The patient is insulin-free one month postoperatively. Biopsy specimens were taken from the jejunostomy bud on postoperative days twelve and twenty-one and were histopathologically normal except for small foci of granulation tissue in the lamina propria.
The first intravenous doses of FK 506 caused headaches in 4 patients, nausea, vomiting, or anorexia in 7, and flushing or burning of the feet in 3 (table IV). The oral preparation was well tolerated, causing transient nausea or vomiting in only 2 patients. There were no correlation between symptoms and plasma concentrations of FK 506.

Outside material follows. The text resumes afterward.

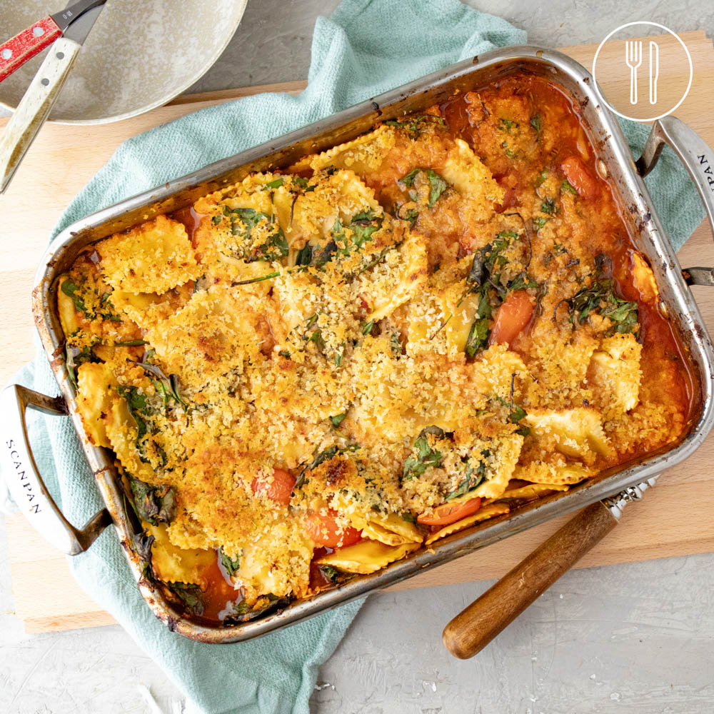 This one-dish wonder is perfect to fill the bellies of the whole family. Spinach and ricotta ravioli, tossed with tomato sugo and vegetables and baked with crunchy panko crumb topping.
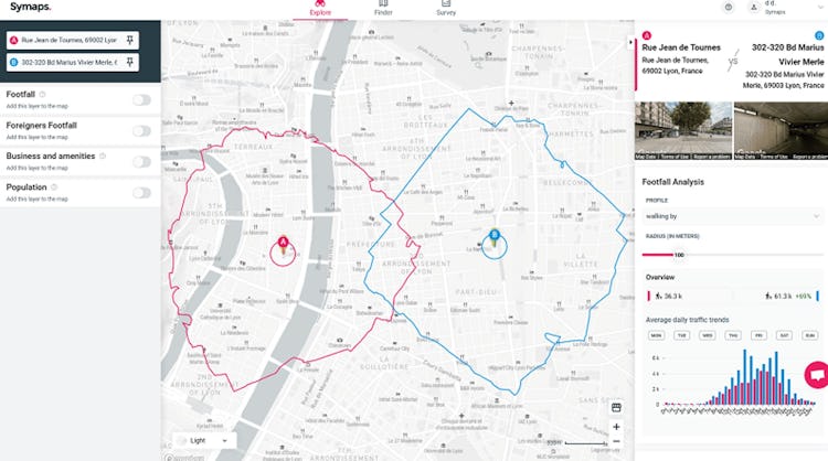The platform combines various types of location data (socio-demographics, footfall, business & amenities, private data), Symaps' users can :

The performance of FK 506, both for salvage and for primary immunosuppression in high-risk patients, was impressive. The drug was remarkably free from unwanted effects. One disadvantage of our study was the impossibility of ruling out nephrotoxicity, but the weight of evidence is that the drug is not nephrotoxic in therapeutic doses and that it does not cause hypertension. With other agents such as azathioprine and cyclosporin, a dose ceiling is imposed by specific toxicity (bone marrow depression and nephrotoxicity, respectively). A comparable toxicological “litmus paper” to guide dose standardisation has not been identified with FK 506 and the therapeutic window may well be wide. With oral therapy, the only complaints or findings were nausea and vomiting and these were transient.
In many of the first investigations with FK 506, the possibility was entertained of combining small doses with agents such as cyclosporin, with which it is synergistic in vitro15,16 and in animals.5,6,8,11 Our clinical experience so far has not encouraged such combination therapy. The FK 506 may have increased the toxicity of cyclosporin, possibly by raising its blood concentration. FK 506 was so potent and free of side-effects that the simplest expedient was to use it alone.
This work was supported by research grants from the Veterans Administration and project grant no DK 29961 from the National Institutes of Health.